Prefer pinned tags or digests in production.

## Reverse Proxy Contract

- `TRUST_PROXY_HEADERS=false` is the safe default.
- Enable `TRUST_PROXY_HEADERS=true` only when traffic really arrives through your own proxy.
- In production, `TRUSTED_PROXY_IPS` is required whenever proxy header trust is enabled.
- Thunderbird and Apple Mail use `?emailaddress=user@example.com` in the query string.

Important:

Your reverse proxy may log the full query string even though this application does not.
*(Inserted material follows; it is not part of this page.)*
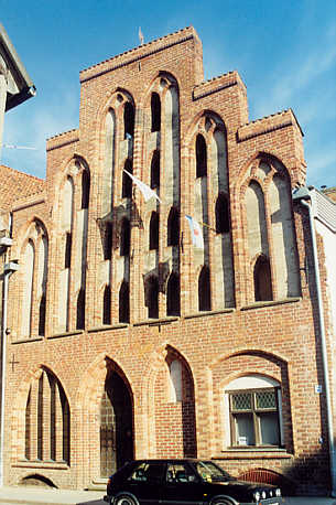 Treppengiebel mit sechs zweigeteilten Giebelblenden und spitzbogigen Luken nach barockem Umbau im 17. Jh. 1974-76 wieder hergestellt.

Review access log settings for:

- `/mail/config-v1.1.xml`
- `/.well-known/autoconfig/mail/config-v1.1.xml`
- `/mail/ios.mobileconfig`
- `/.well-known/apple-mail.mobileconfig`

## Endpoints

| Method | Path | Purpose |
|--------|------|---------|
| `GET` | `/health` | Liveness probe |
| `GET` | `/ready` | Readiness probe |
| `GET` | `/` | Minimal landing page |
| `GET` | `/robots.txt` | No-index hint |
| `GET` | `/mail/config-v1.1.xml?emailaddress=...` | Thunderbird Autoconfig |
| `GET` | `/.well-known/autoconfig/mail/config-v1.1.xml?emailaddress=...` | Thunderbird alias |
| `GET` | `/mail/ios.mobileconfig?emailaddress=...` | Apple Mail profile |
| `GET` | `/.well-known/apple-mail.mobileconfig?emailaddress=...` | Apple Mail alias |
| `POST` | `/autodiscover/autodiscover.xml` | Outlook Autodiscover |
| `GET` | `/autodiscover/autodiscover.xml` | Neutral Outlook response |

## Apple Mail Notes

- Profiles are unsigned by default.
- iOS and macOS warn about unsigned profiles in self-hosted setups; this is expected.
- Profiles never contain mailbox passwords.
- Re-downloading the same mailbox profile updates the existing profile because identifiers are stable.
- If you need signed profiles, sign them externally before distribution.

## Logging And Observability

- `X-Request-ID` is attached to responses and access logs.
- Access logs never include the full mailbox address.
- `STRUCTURED_JSON_LOGS=true` switches access logging to JSON.
- `/metrics` is intentionally not built in.

## Documentation

- [Reverse Proxy and DNS](docs/dns.md)
- [Nginx](docs/reverse-proxy/nginx.md)
- [Caddy](docs/reverse-proxy/caddy.md)
- [Nginx Proxy Manager](docs/reverse-proxy/nginx-proxy-manager.md)
- [Synology Reverse Proxy](docs/reverse-proxy/synology-reverse-proxy.md)
- [Cloudflare Tunnel / Generic Proxy](docs/reverse-proxy/cloudflare-tunnel.md)
- [Outlook client setup](docs/clients/outlook.md)
- [Thunderbird client setup](docs/clients/thunderbird.md)
- [Apple Mail client setup](docs/clients/apple-mail.md)
- [Troubleshooting](docs/troubleshooting.md)

## Security At A Glance

- no mailbox enumeration
- no full email address logging
- safe XML parsing
- bounded in-memory rate limiting
- security headers enabled by default
- no admin API

See [SECURITY.md](SECURITY.md) for the detailed trust model.

## Local Development

```bash
python3 -m venv .venv
source .venv/bin/activate
pip install ".[dev]"
pre-commit install
cp .env.example .env
uvicorn app.main:app --host 0.0.0.0 --port 8000 --no-access-log --reload
```

For development with placeholder values, set `APP_ENV=test` or `APP_ENV=development`.

## Quality Checks

Run the same Python checks as GitHub CI:

```bash
./scripts/check.sh
```

`pre-commit install` also runs `ruff`, `mypy`, and `pytest` automatically before each commit.

Developer workflow and release process live in [`CONTRIBUTING.md`](CONTRIBUTING.md).